How does Section 106 consultation interact with NCPC review on a single project in Washington, D.C.?
Executive summary
Section 106 is a statutory consultation process under the National Historic Preservation Act that requires federal agencies to identify and consider effects on historic properties and to consult with State Historic Preservation Officers, tribes, and other consulting parties; in Washington, D.C., the National Capital Planning Commission (NCPC) cannot approve a federal undertaking until Section 106 review is completed with the SHPO and the Advisory Council on Historic Preservation (ACHP) as required by law [1] [2]. NCPC’s review process is coordinated with Section 106: NCPC must both comply with Section 106 when it has approval authority and typically documents whether Section 106 consultation has been completed in its Coordinating Committee and Executive Director’s Recommendation [3] [4].
1. Legal gatekeeper: NCPC approval depends on Section 106 completion
NCPC does not operate in parallel to Section 106 as an independent substitute; instead, it functions as a gatekeeper—NCPC lacks authority to approve a federal undertaking in the District of Columbia until the Section 106 process has been carried through with the SHPO and the ACHP, meaning Section 106 is a prerequisite to NCPC final approval [2] [3].
2. Distinct but overlapping roles: who does what
Section 106 obligations rest with the federal agency that is carrying out, funding, permitting, or approving the project, which must identify consulting parties, assess effects on historic properties, and explore avoidance, minimization, or mitigation; NCPC’s role is planning review for consistency with the Comprehensive Plan and coordination among federal and District agencies, and when NCPC holds approval authority it must ensure NEPA and Section 106 compliance in its review package [1] [3].

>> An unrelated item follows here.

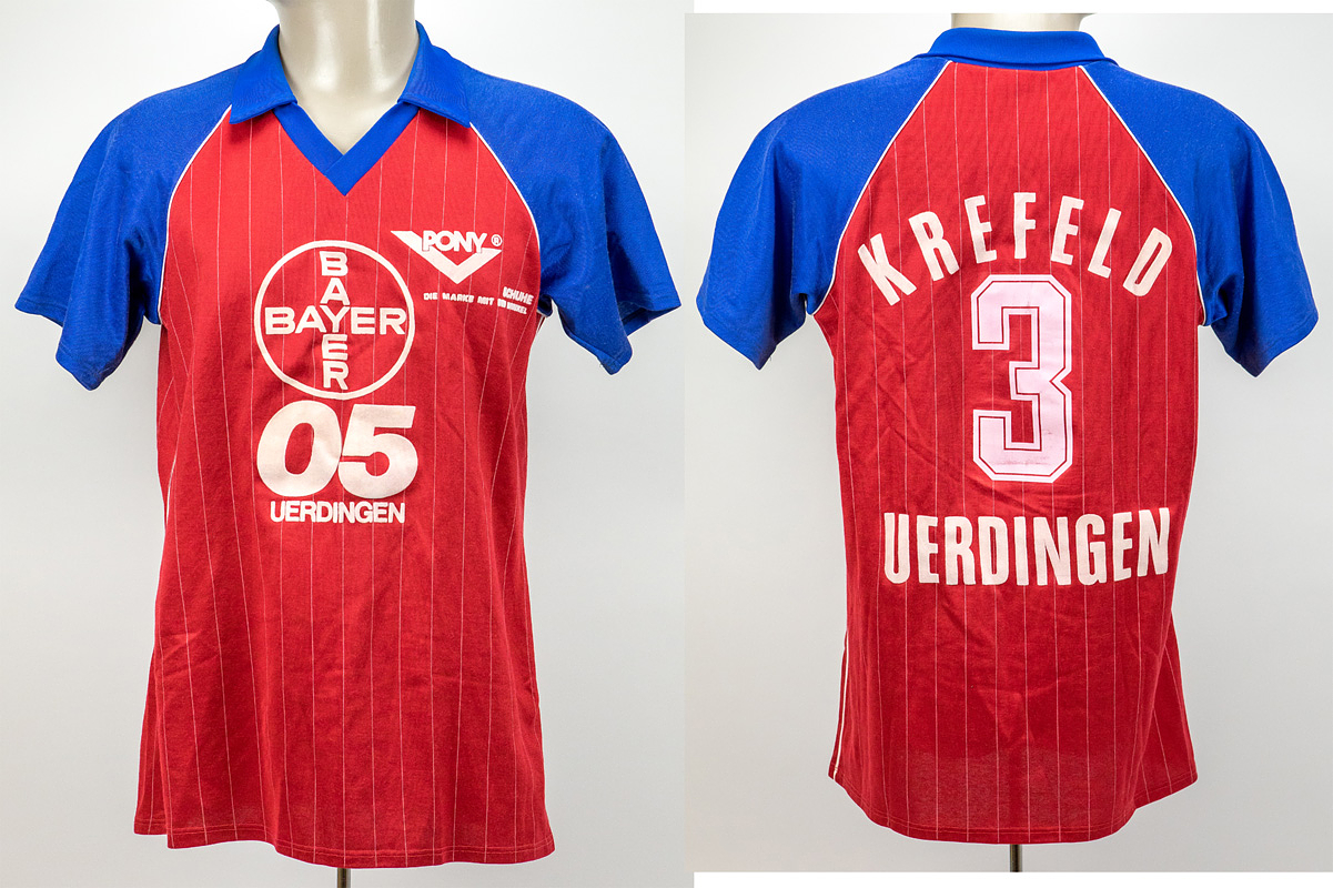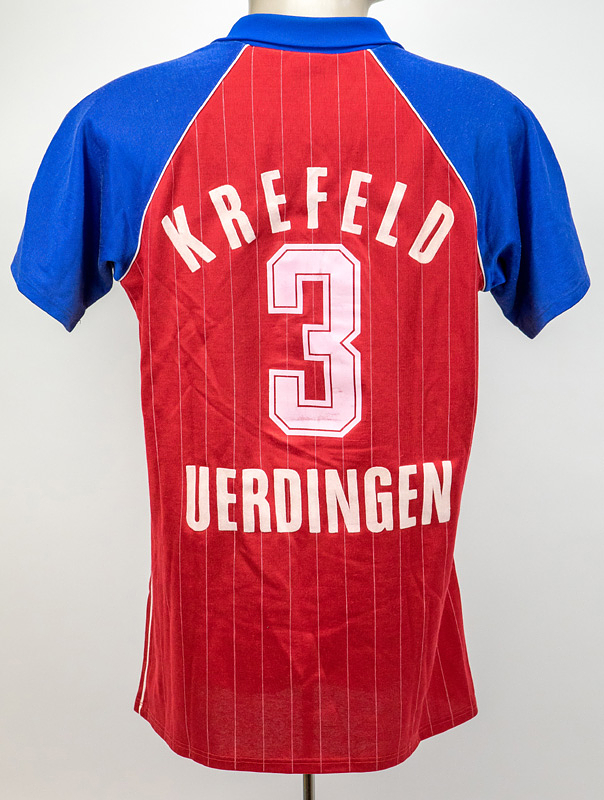 match worn football shirt Bayer Uerdingen 19984 - Original match worn shirt FC Bayer 05 Uerdingen with number 11. Worn in a bundesliga match between 1984 and 1987. Status: ACC. Long sleeved shirt; size 5/6; flocked club emblem; printed adidas emblem; gummed number and inscription "Krefeld Uerdingen". Shirt shows signs of usage (small stain on Bayer inscription); adidas. Condition: A-

3. Sequencing and coordination: timing matters early and often
The regulatory guidance and NCPC practice both stress early consultation: agencies should decide whether Section 106 applies and identify consulting parties at the outset so options and alternatives remain open, while NCPC’s Coordinating Committee reviews projects at multiple stages and includes statements about whether the project has been coordinated with represented agencies—NCPC staff incorporates that coordination statement into the Executive Director’s Recommendation [1] [3] [5].
4. Mechanisms for integration: MOAs, PAs, and the record
When effects cannot be avoided, agencies and consulting parties frequently memorialize agreed mitigation measures in Memoranda of Agreement (MOAs) or Programmatic Agreements (PAs) that implement Section 106 commitments; NCPC project files show MOAs and PAs executed among NCPC, the SHPO, and project proponents as the way to satisfy Section 106 before NCPC final action [6] [7] [4].
5. Participation and limits: public, tribes, and consulting parties
Section 106 requires identifying and involving consulting parties—including SHPO, tribes, applicants, local governments, and other stakeholders—and provides public participation opportunities, but the federal agency retains responsibility for the formal findings and is not legally obligated to adopt every suggestion from consulting parties; NCPC’s public hearing and testimony processes operate alongside Section 106 consultation but do not replace statutory consultations [8] [9] [3].
6. Practical implications for a single project in D.C.
For a single federal project in Washington, D.C., the practical workflow is: the lead federal agency initiates Section 106, identifies the Area of Potential Effects and consulting parties, completes consultation and any required NHPA documentation or an MOA/PA, and documents the outcome for NCPC; NCPC’s Coordinating Committee will review coordination and include Section 106 status in its recommendation, and NCPC will not grant final approval until the Section 106 process is completed or appropriately resolved through ACHP concurrence or an MOA/PA [1] [3] [6]. If questions remain in the public record or consulting parties dispute effects, those issues can delay NCPC action because Section 106 is a legal predicate to NCPC approval rather than a mere parallel comment period [2] [4].